2.3.4. Characterizations. The morphology and size of
EHBs and EHB@ABs were characterized using a Zeiss Ultra
Plus field emission scanning electron microscope (SEM, Carl
Zeiss AG, Germany) operated at an accelerating voltage of 5
kV. ζ-Potential was recorded using a Zetasizer Nano ZSP
(Malvern, U.K.).
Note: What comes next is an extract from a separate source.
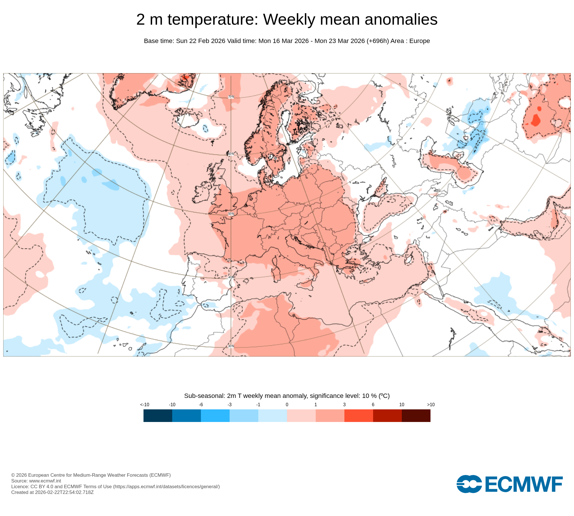 Qu'il s'agisse du modèle ECMWF (CEP, centre Européen) et/ou de CFS (modèle Américain) : les deux s'accordent vers une accentuation du cyclonisme dépressionnaire autour du 5 mars et pouvant perdurer jusqu'à la moitié du mois au moins. On surveillera d'ailleurs l'évolution de l'anticyclone qui va progressivement remonter vers de plus hautes latitudes. Cela veut dire concrètement qu'un temps plus nuageux et redevenant humide est probable (pluviométrie repassant au-dessus des normales). Ce qui est plus incertain, c'est d'anticiper les quantités de précipitations. Cela va dépendre de comment se positionnent les dépressions. Retenez un signal plus nuageux, plus humide et à peine moins doux.

The number of beads was calculated via flow
cytometry analysis on a NovoCyte 2040R instrument (ACEA).
Acquisition of multi-LOCI signal was carried out via a
fluorescence microscope (IX83, Olympus) equipped with a
680 nm laser diode (Changchun New Industries, Changchun,
China) and an LED light (Lumencor) using a 10×objective.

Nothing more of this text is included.